El triple femicidio de Florencio Varela y el reciente doble femicidio de Córdoba parecen hechos distintos, pero revelan la misma trama: la posesión patriarcal sobre los cuerpos de las mujeres y la complicidad institucional que la sostiene. En ambos casos, la violencia no fue un exceso, sino un mensaje.
Por Titi Isoardi. Especial para La Marea Noticias. Imagen: Gentileza Soledad Soler. Manifestación en Córdoba por justicia para Luna y Mariel
En Florencio Varela, Brenda, Morena y Lara fueron asesinadas en un contexto donde la pobreza, la desprotección estatal y las economías ilegales se entrelazan con una lógica de poder masculina y violenta. En Córdoba, Mariel Zamudio y su hija Luna Giardina presuntamente fueron asesinadas por el ahora imputado, Pablo Laurta, fundador de Varones Unidos, un grupo que niega la violencia de género y acusa a las mujeres de mentir. Dos territorios distintos, un mismo mensaje: “las mato porque puedo”.
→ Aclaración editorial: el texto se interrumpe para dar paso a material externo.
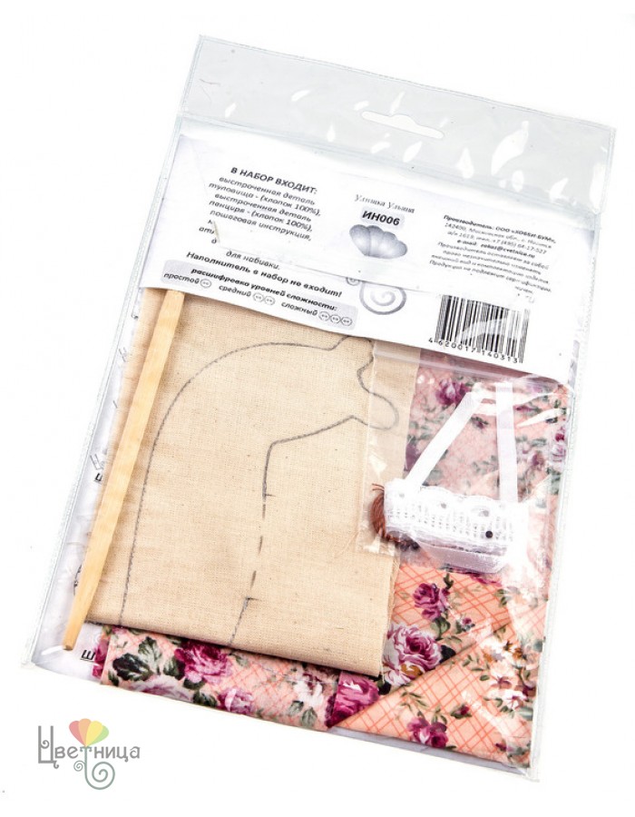Оригинальное изделие для подарка или декора комнаты получится благодаря усидчивости, вниманию и аккуратности девочки. В начале работы необходимо вырезать основные детали туловища, которые уже прошиты по всему контуру. После этого вывернуть и заполнить части наполнителем с последующим зашиванием отверстий. Готовые элементы соединяем между собой. Затем приступить к раскрою и шитью одежды. Добавляем контуры мордочки (глаза, улыбку). Готовую игрушку можно дополнить элементами декора. Российская ТМ «Цветница» предлагает также другие творческие наборы по изготовлению мягких игрушек.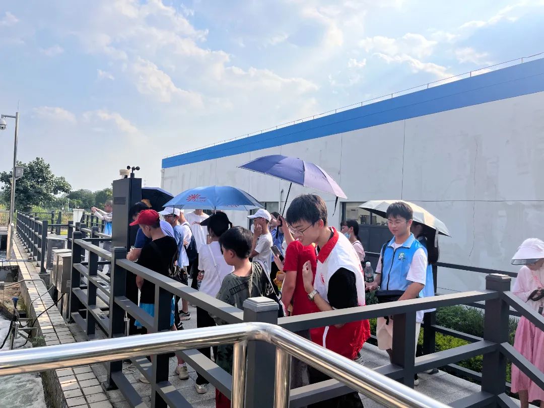 紧接着,现场工作人员带领参与者们实地参观了净水厂的各个处理环节。从一级处理到二级处理(生化系统),再到二沉池、高效澄清池,最后经过紫外消毒及巴氏计量槽,参与者们亲眼目睹了污水由浊变清的净化全过程,对水资源的循环利用有了更直观的认识。

Rita Segato lo explicó con precisión en La guerra contra las mujeres: el patriarcado es “la forma más arcaica y persistente del poder”, se trata de una pedagogía de dominación que se expresa como un mensaje en el cuerpo violentado de las mujeres. En el crimen organizado, ese mensaje se inscribe en los cuerpos como demostración de control sobre territorios y vidas. En el odio organizado, se expresa como revancha simbólica frente a las conquistas feministas: una violencia política dirigida contra las mujeres que se atreven a hablar, denunciar o existir por fuera del mandato.
Laurta, imputado por el doble femicidio en Córdoba, no es un varón anónimo ni un “monstruo”. Fue un militante anti derechos con vínculos políticos y mediáticos, que construyó legitimidad pública negando la violencia machista. Su figura encarna el pasaje del discurso al acto: el odio como praxis. La pedagogía del poder patriarcal necesita repetirse, mostrarse, disciplinar. Por eso no se trata de casos aislados, sino de una estructura que produce y reproduce violencia con distintos lenguajes: el crimen, la impunidad, la desinformación, el descrédito.
En ambos casos, el Estado llegó tarde o mal. Las políticas de seguridad siguen pensadas desde una lógica punitiva y neutral que ignora los efectos diferenciados de la violencia sobre varones y mujeres. No existen políticas de seguridad neutrales al género. Una seguridad democrática no puede basarse en la militarización ni en el control, sino en la prevención, la justicia y el fortalecimiento comunitario. Sin políticas públicas que integren la perspectiva de género, cada omisión institucional se convierte en un acto de violencia.
No nos cansaremos de repetirlo: los femicidios, la criminalidad organizada y los discursos antiderechos comparten un mismo entramado. Uno que combina el orden patriarcal con la desigualdad estructural y la cultura del consumo y del control.
Nombrar estos casos, insistir en analizarlos, es un modo de resistir la anestesia social que se pretende imponer. Porque cada vez que alguien relativiza la violencia o pone en duda la palabra de las víctimas, el patriarcado gana terreno. Y porque mientras haya quienes justifiquen, nieguen o callen, el odio seguirá escribiendo su mensaje sobre nuestros cuerpos.